Safety Considerations
Full safety data (warnings, contraindications, drug interactions) was not available in this evidence pack.
⚠️ Clinically Critical Note: Fluoroquinolones, including ciprofloxacin, carry an FDA Black Box Warning for peripheral neuropathy that may be irreversible. This is especially relevant to this evaluation: rank #9 in the predicted indication list involves a hematological disease with acquired peripheral neuropathy — ciprofloxacin use in that context would represent a direct mechanistic contraindication and should be actively excluded from further evaluation.
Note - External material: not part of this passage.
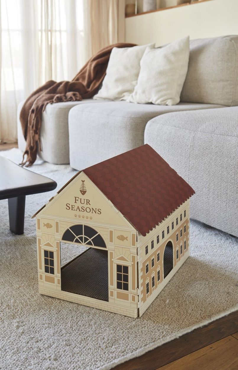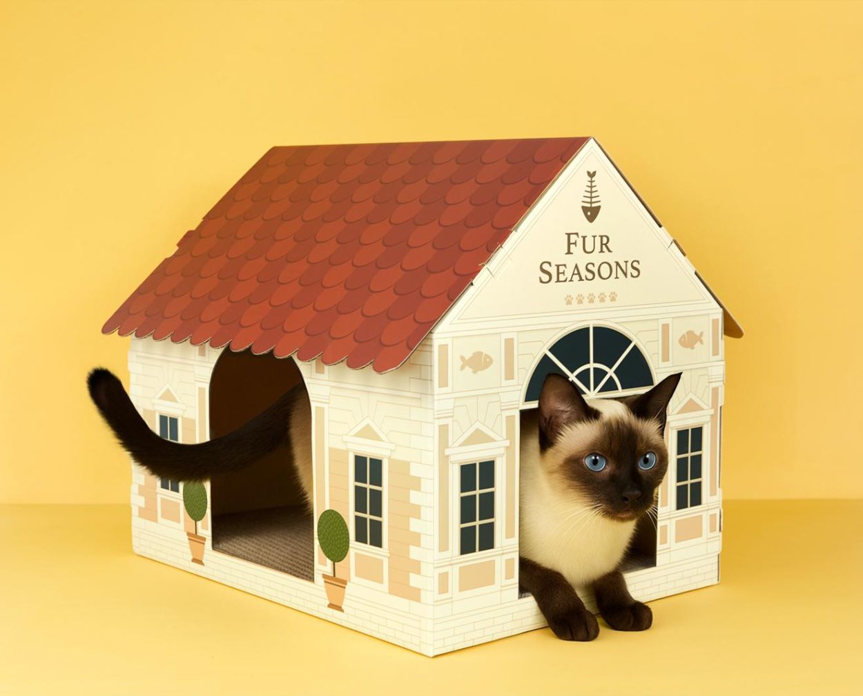 Offrez à votre chat son propre hôtel de luxe ! Cette maison pour chat originale avec griffoir intégré est idéale pour faire les griffes, libérer son énergie et protéger vos meubles. Facile à monter grâce à son design en carton pliable — ludique, pratique et décoratif.

Please refer to the package insert for complete warnings, contraindications, and drug interaction information.
Conclusion and Next Steps
Decision: Hold
Rationale: The biological hypothesis (antifibrotic + gut microbiome dual mechanism) is scientifically coherent and supported by one small pilot RCT, but with no registered Phase 2/3 trials and only 2 publications directly relevant to SSc, the current evidence base (L4) is insufficient to justify active development investment. Additional mechanistic and clinical validation must precede any resource commitment.
To proceed, the following is needed:
- Phase 2 proof-of-concept trial: A properly powered RCT evaluating ciprofloxacin’s antifibrotic efficacy in SSc patients, with skin biopsy endpoints (collagen density, fibroblast activity)
- Mechanistic validation: In vitro and in vivo studies confirming TGF-β pathway involvement independent of antibacterial activity
- MOA data completion: Retrieve full DrugBank mechanism data (DrugBank ID: DB00537) to close the current High-severity data gap
- Taiwan regulatory verification: Re-query TFDA database using alternative search terms (brand names, CAS number) — current 0-result return is likely a search artifact
- Safety profiling: Formal assessment of fluoroquinolone-class risks (tendinopathy, QT prolongation, peripheral neuropathy, phototoxicity) in the context of SSc patient population
- SIBO sub-study: Enrich trial population for SSc patients with confirmed SIBO to test the gut microbiome mechanism arm separately
📌 Cross-Indication Note: Among the 10 predicted indications evaluated in this pack, two findings stand out:
- Septicemic Plague (rank #10, 99.64%): Already FDA-approved with L1 evidence (1 completed Phase 2 RCT + multiple non-inferiority RCTs including NEJM 2025). This validates TxGNN’s ability to correctly identify known high-confidence associations.
- Monoclonal Gammopathy (rank #8, 99.71%): L3 evidence for ciprofloxacin as infection prophylaxis in multiple myeloma/lymphoma patients undergoing autologous stem cell transplantation. The scoring panel rates this as “Proceed with Guardrails” — note that this is an infection prevention application, not a disease-modifying therapy for the gammopathy itself.
Disclaimer
This content is for research purposes only and does not constitute medical advice. Clinical validation is required before any clinical application.